• **Exercise requirements**: Please transcribe the data below in full. Omit any picture you find in it.

• **Information provided**:
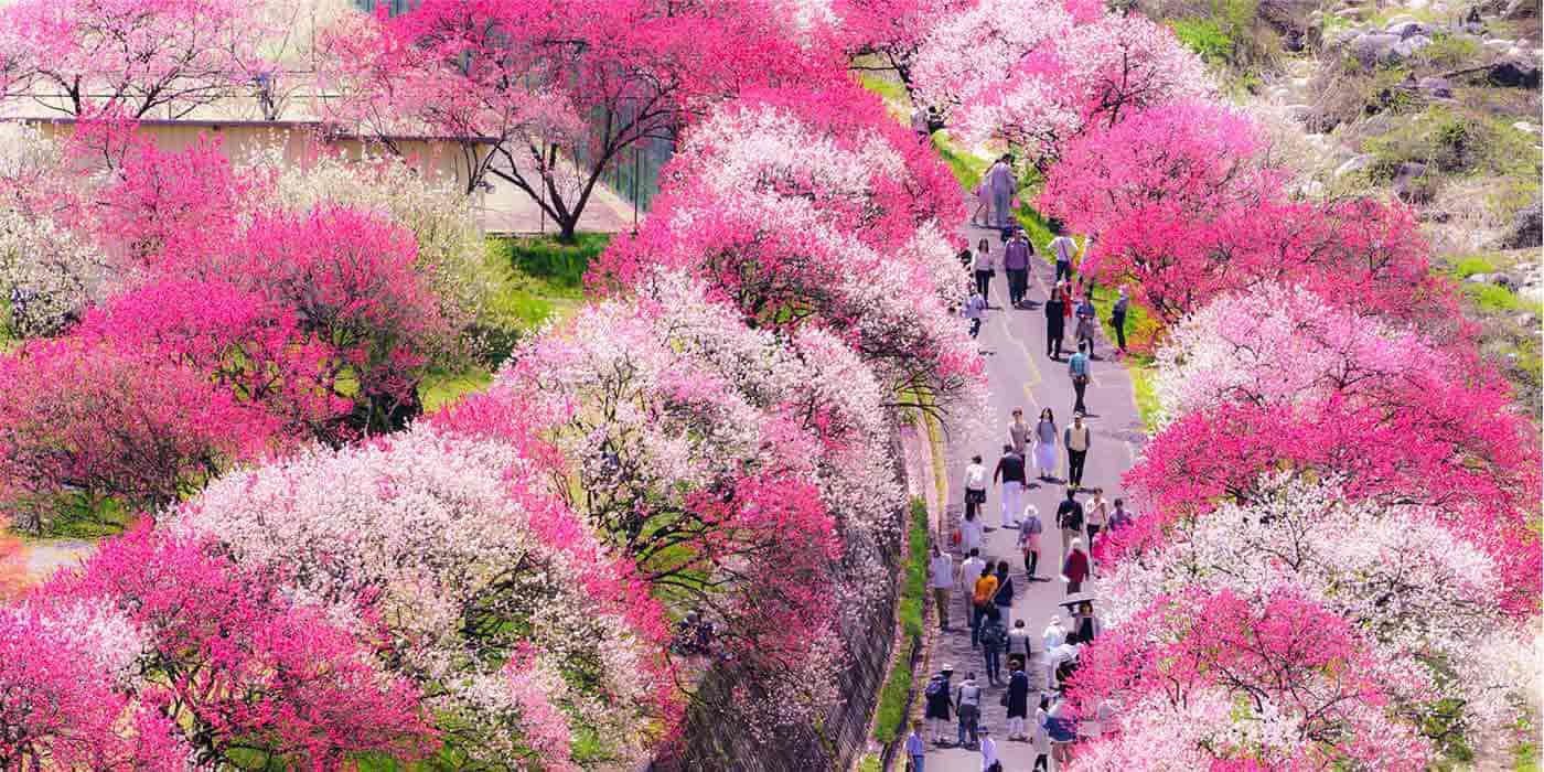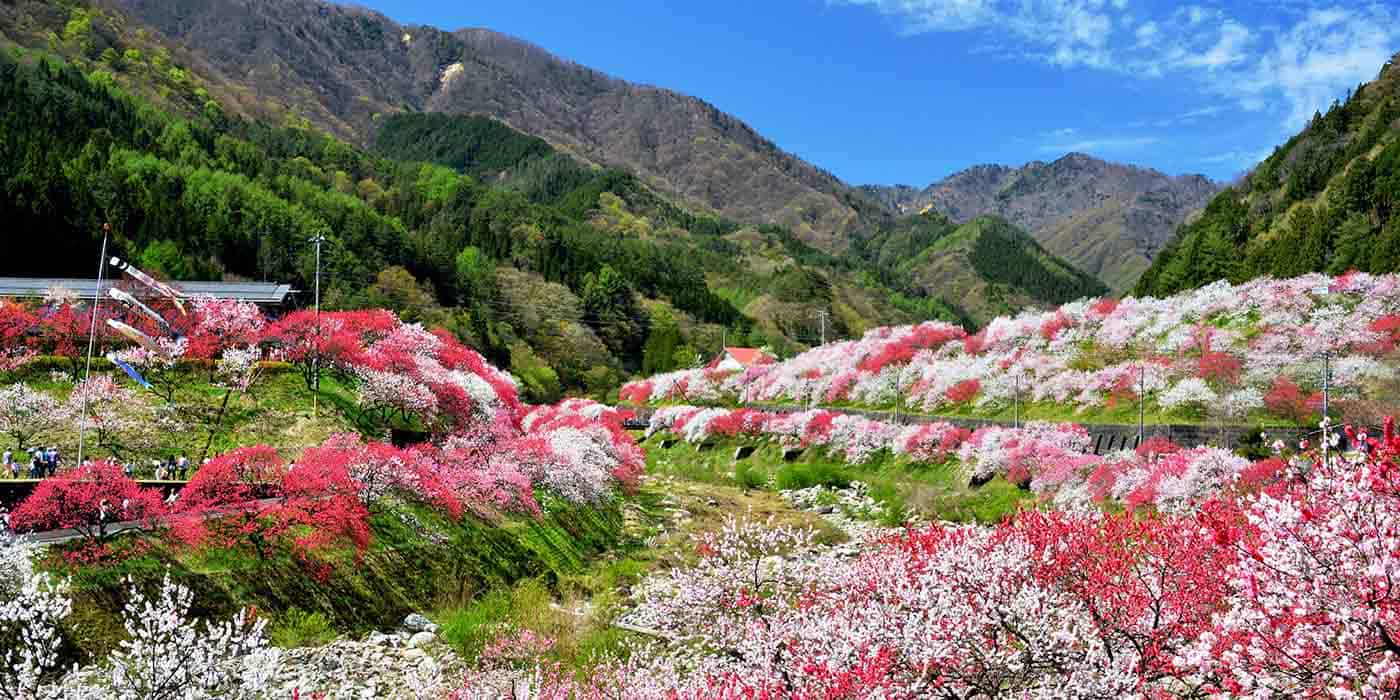 「日本一の星空の村」と謳われる、長野県阿智村。この地で春になると、赤、ピンク、白と、3色の花が村全体を彩ります。村全体が華やぐ様子は、まさに桃源郷と呼ぶのにふさわしい絶景です。この花の正体は、「三色花桃」と呼ばれる観賞用の桃。月川温泉郷、昼神温泉郷では、散策しながらこの花桃を楽しめます。また、国道256線沿いの約40kmに渡って花桃の木が植えられたドライブコース「はなもも街道」もオススメです。この花桃の魅力のひとつが、花を見られる時期の長さ。阿智村のあちこちに植えられていますが、植えられた場所の標高によって見頃が少しずつずれるので、4月上旬から4月下旬にかけて、花桃が咲き誇る景色を見ることができます。
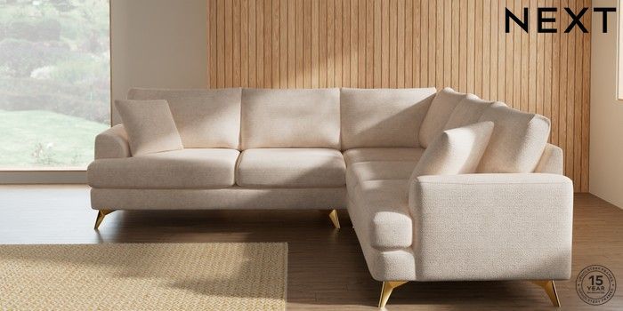 7.2.10 Buy Parker Medium Corner Sofa - Universal Boucle Chenille Oyster High Metal - Brass from the Next UK online shop Click here to use our accessible website
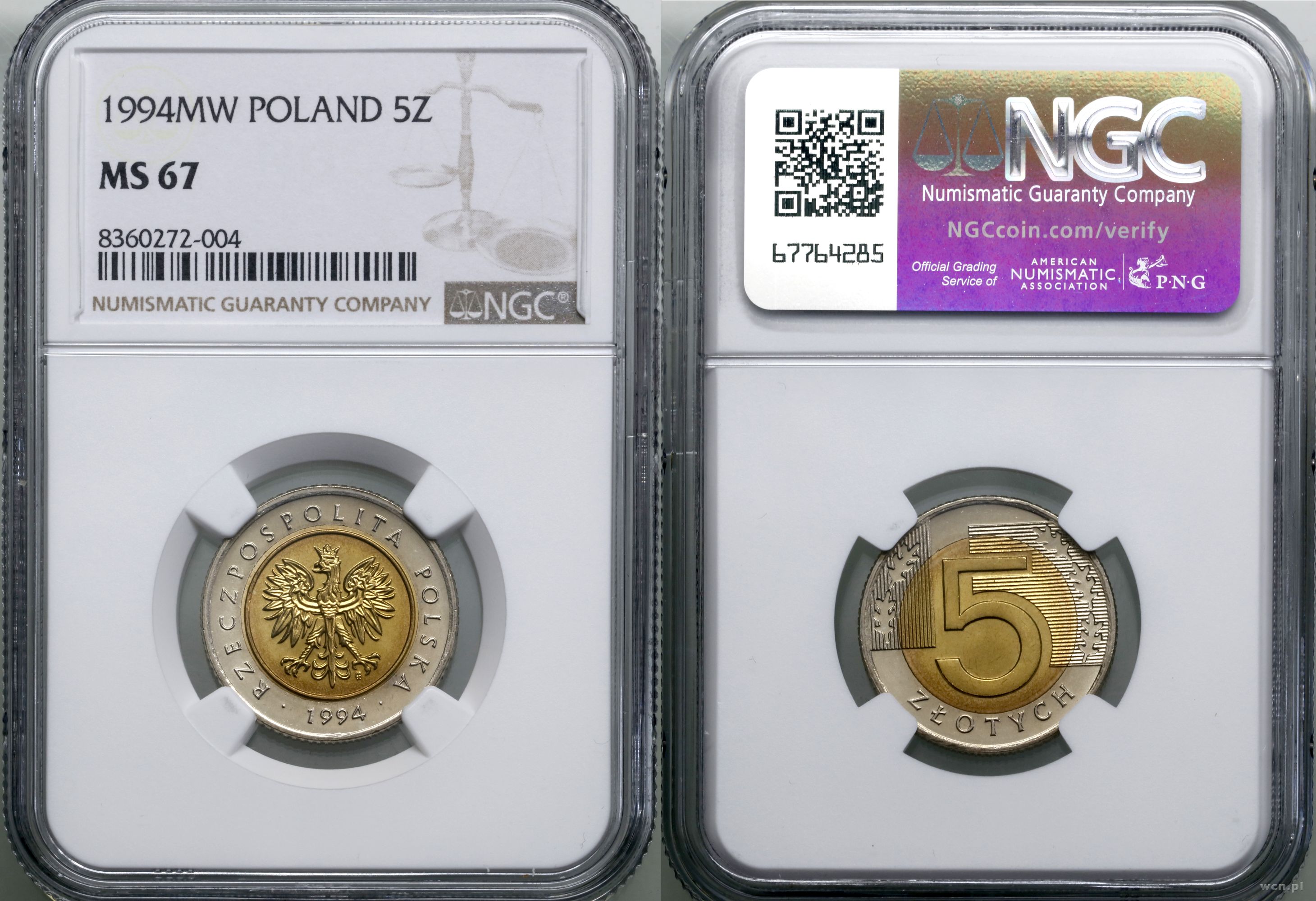 | Opis: | Polska, III Rzeczpospolita Polska (od 1989) - monety obiegowe, 5 złotych 1994, Warszawa, wyśmienite , w opakowaniu firmy NGC nr 8360272-004 z oceną MS67, Parchimowicz 715 |

• **Answer to this exercise**:
 「日本一の星空の村」と謳われる、長野県阿智村。この地で春になると、赤、ピンク、白と、3色の花が村全体を彩ります。村全体が華やぐ様子は、まさに桃源郷と呼ぶのにふさわしい絶景です。この花の正体は、「三色花桃」と呼ばれる観賞用の桃。月川温泉郷、昼神温泉郷では、散策しながらこの花桃を楽しめます。また、国道256線沿いの約40kmに渡って花桃の木が植えられたドライブコース「はなもも街道」もオススメです。この花桃の魅力のひとつが、花を見られる時期の長さ。阿智村のあちこちに植えられていますが、植えられた場所の標高によって見頃が少しずつずれるので、4月上旬から4月下旬にかけて、花桃が咲き誇る景色を見ることができます。
 7.2.10 Buy Parker Medium Corner Sofa - Universal Boucle Chenille Oyster High Metal - Brass from the Next UK online shop Click here to use our accessible website
 | Opis: | Polska, III Rzeczpospolita Polska (od 1989) - monety obiegowe, 5 złotych 1994, Warszawa, wyśmienite , w opakowaniu firmy NGC nr 8360272-004 z oceną MS67, Parchimowicz 715 |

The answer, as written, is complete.